■ **Problem**
Print nothing except the lines of the listing below from the line with "Начнем с момента" to the line with "(서울=뉴스1) 오대일 기자", each exactly as written, both ends included.

■ **Source material**
Content starts
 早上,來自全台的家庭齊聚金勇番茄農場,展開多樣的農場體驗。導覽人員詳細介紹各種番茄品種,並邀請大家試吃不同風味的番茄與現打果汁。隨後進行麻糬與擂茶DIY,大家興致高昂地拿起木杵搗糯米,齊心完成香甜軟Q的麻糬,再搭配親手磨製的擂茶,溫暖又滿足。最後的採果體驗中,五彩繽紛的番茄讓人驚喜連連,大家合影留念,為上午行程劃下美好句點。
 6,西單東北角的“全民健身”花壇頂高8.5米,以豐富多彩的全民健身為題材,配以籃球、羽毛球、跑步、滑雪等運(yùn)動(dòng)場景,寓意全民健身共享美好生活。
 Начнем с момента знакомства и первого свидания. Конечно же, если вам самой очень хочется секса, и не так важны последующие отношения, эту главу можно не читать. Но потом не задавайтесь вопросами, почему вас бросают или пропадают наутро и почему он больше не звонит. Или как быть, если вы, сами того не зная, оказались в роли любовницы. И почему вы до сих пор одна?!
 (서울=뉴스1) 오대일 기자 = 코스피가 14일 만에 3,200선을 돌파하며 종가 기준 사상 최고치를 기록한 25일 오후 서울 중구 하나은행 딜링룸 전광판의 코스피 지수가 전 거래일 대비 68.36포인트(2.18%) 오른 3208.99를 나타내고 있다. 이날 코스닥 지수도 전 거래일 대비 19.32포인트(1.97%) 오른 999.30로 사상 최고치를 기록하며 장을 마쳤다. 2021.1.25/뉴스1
Content ends
Content starts
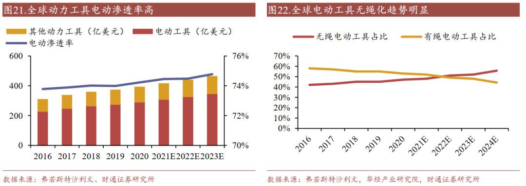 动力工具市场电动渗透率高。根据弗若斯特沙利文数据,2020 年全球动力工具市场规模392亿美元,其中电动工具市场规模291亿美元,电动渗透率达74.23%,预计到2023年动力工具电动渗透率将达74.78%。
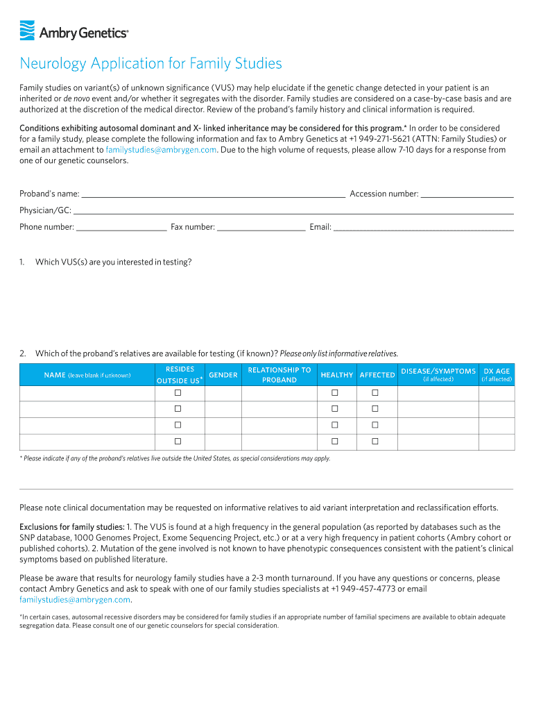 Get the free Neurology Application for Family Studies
Content ends
Content starts
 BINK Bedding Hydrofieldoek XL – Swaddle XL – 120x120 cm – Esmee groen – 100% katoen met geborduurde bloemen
Content ends
■ **Result**
 Начнем с момента знакомства и первого свидания. Конечно же, если вам самой очень хочется секса, и не так важны последующие отношения, эту главу можно не читать. Но потом не задавайтесь вопросами, почему вас бросают или пропадают наутро и почему он больше не звонит. Или как быть, если вы, сами того не зная, оказались в роли любовницы. И почему вы до сих пор одна?!
 (서울=뉴스1) 오대일 기자 = 코스피가 14일 만에 3,200선을 돌파하며 종가 기준 사상 최고치를 기록한 25일 오후 서울 중구 하나은행 딜링룸 전광판의 코스피 지수가 전 거래일 대비 68.36포인트(2.18%) 오른 3208.99를 나타내고 있다. 이날 코스닥 지수도 전 거래일 대비 19.32포인트(1.97%) 오른 999.30로 사상 최고치를 기록하며 장을 마쳤다. 2021.1.25/뉴스1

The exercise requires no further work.